**What to produce:** Set down the full listing below word for word; pictures stay out of the copy.

**Information given:**

======

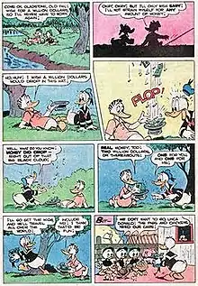 Gladstone Gander first appeared in "Wintertime Wager" in Walt Disney's Comics and Stories #88 (January, 1948), written and drawn by Carl Barks.[5] In that story he arrives at Donald Duck's house during a freezing cold Christmas Day to remind him of a wager Donald made the previous summer; that he could swim in the Frozenbear Lake during Christmas Day or forfeit his house to Gladstone. Donald eventually loses the wager but Gladstone later on loses a wager of his own, brought to light by Daisy Duck, and thus Donald's house is returned to him.
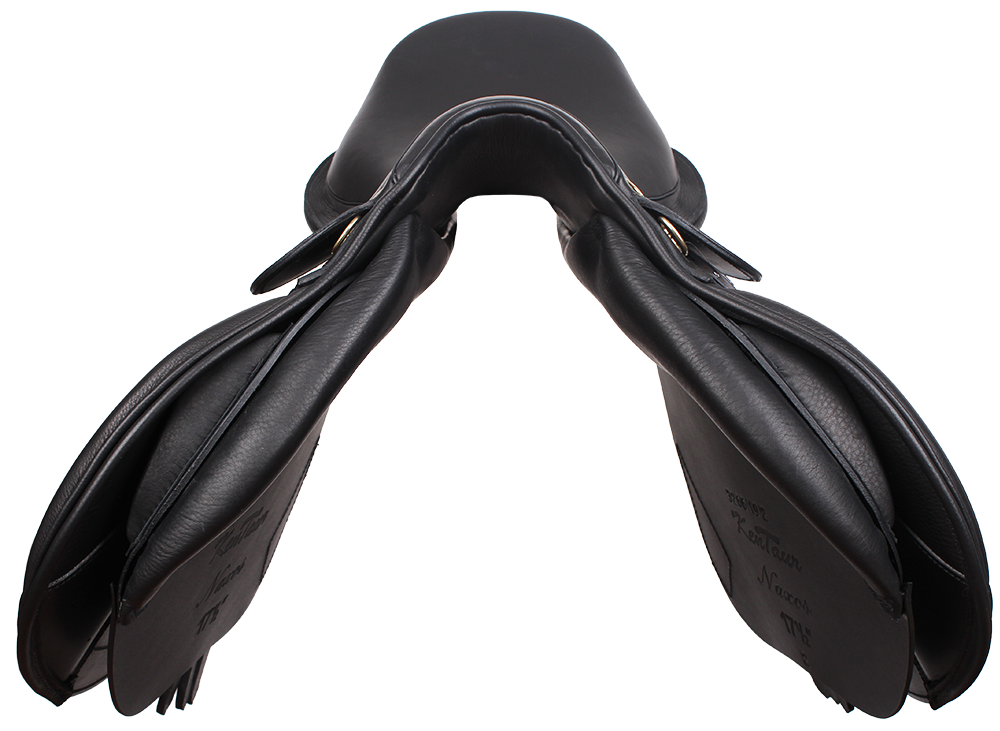 Springsadel med flexibel bom og medium dybt sæde. Sadlen har flade latexpaneler som giver rytteren optimal kontakt med hesten. Sadlen har anatomisk formede sadelklapper og sæde- og knæpuder er beklædt med non-slip kalveskind.
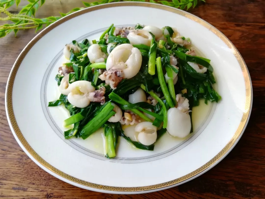 韭菜炒墨鱼韭菜性温养肝护胃滋阴壮阳墨鱼性温健胃益血补肾理气
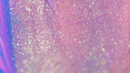 Shiny paint drip. Glitter fluid texture. Defocused pink purple color sparkle particles wet glow ink liquid gloss spill wave abstract art background with bokeh lights.
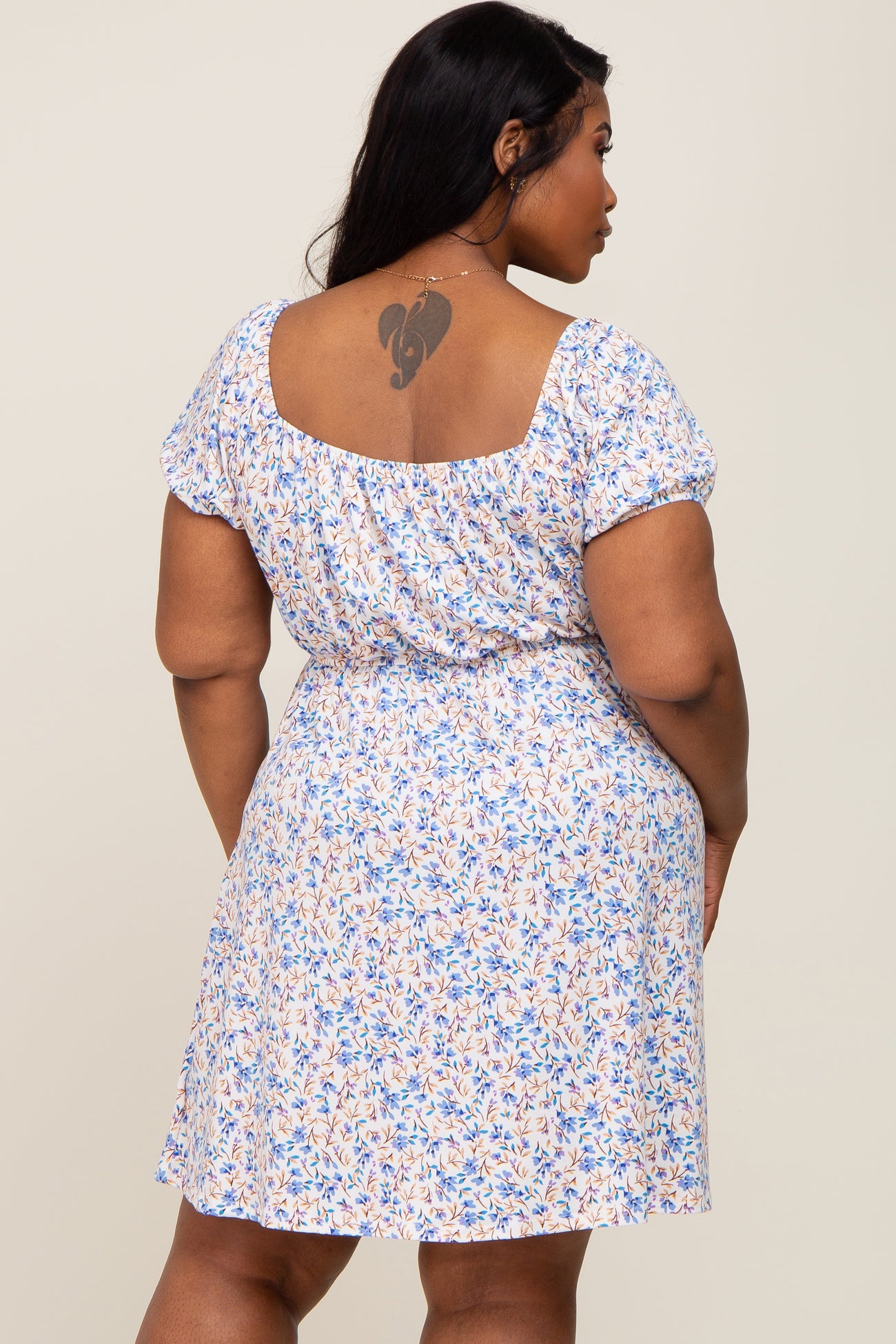 A soft knit, floral print dress featuring a rounded neckline with an elastic band, short puff sleeves, side pockets and an empire waist.
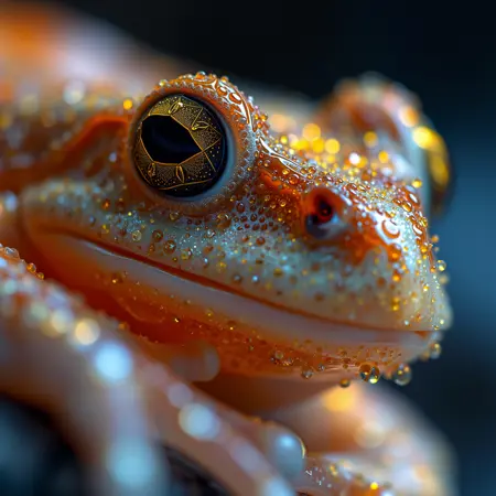 「極近接ショット、カエルの顔、星状結晶構造、複雑な模様、輝く色調。極限の被写界深度、天体の光、きらめく細部、異界の魅力、荘厳な優雅さ。」
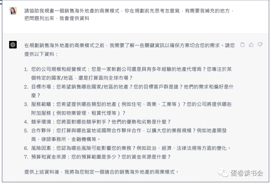 当你不知道怎么提问时,你以让ChatGPT来告诉你,你需要准备什么资料,让它来引导你去使用它。
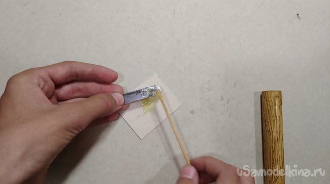 Теперь ближе к финалу. Клеим лезвие в рукоятку, я делаю с помощью клея МеталлБонд, он застывает за несколько минут.
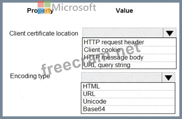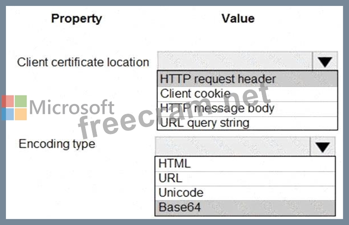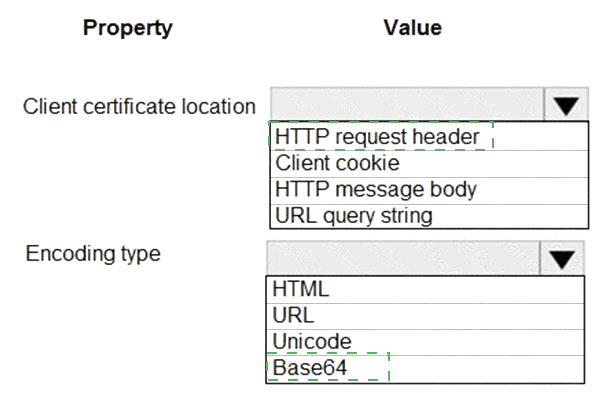 You need to validate the client certificate in the web app. To answer, select the appropriate options in the answer area.

======

**Solution to this problem:**
 Gladstone Gander first appeared in "Wintertime Wager" in Walt Disney's Comics and Stories #88 (January, 1948), written and drawn by Carl Barks.[5] In that story he arrives at Donald Duck's house during a freezing cold Christmas Day to remind him of a wager Donald made the previous summer; that he could swim in the Frozenbear Lake during Christmas Day or forfeit his house to Gladstone. Donald eventually loses the wager but Gladstone later on loses a wager of his own, brought to light by Daisy Duck, and thus Donald's house is returned to him.
 Springsadel med flexibel bom og medium dybt sæde. Sadlen har flade latexpaneler som giver rytteren optimal kontakt med hesten. Sadlen har anatomisk formede sadelklapper og sæde- og knæpuder er beklædt med non-slip kalveskind.
 韭菜炒墨鱼韭菜性温养肝护胃滋阴壮阳墨鱼性温健胃益血补肾理气
 Shiny paint drip. Glitter fluid texture. Defocused pink purple color sparkle particles wet glow ink liquid gloss spill wave abstract art background with bokeh lights.
 A soft knit, floral print dress featuring a rounded neckline with an elastic band, short puff sleeves, side pockets and an empire waist.
 「極近接ショット、カエルの顔、星状結晶構造、複雑な模様、輝く色調。極限の被写界深度、天体の光、きらめく細部、異界の魅力、荘厳な優雅さ。」
 当你不知道怎么提问时,你以让ChatGPT来告诉你,你需要准备什么资料,让它来引导你去使用它。
 Теперь ближе к финалу. Клеим лезвие в рукоятку, я делаю с помощью клея МеталлБонд, он застывает за несколько минут.
 You need to validate the client certificate in the web app. To answer, select the appropriate options in the answer area.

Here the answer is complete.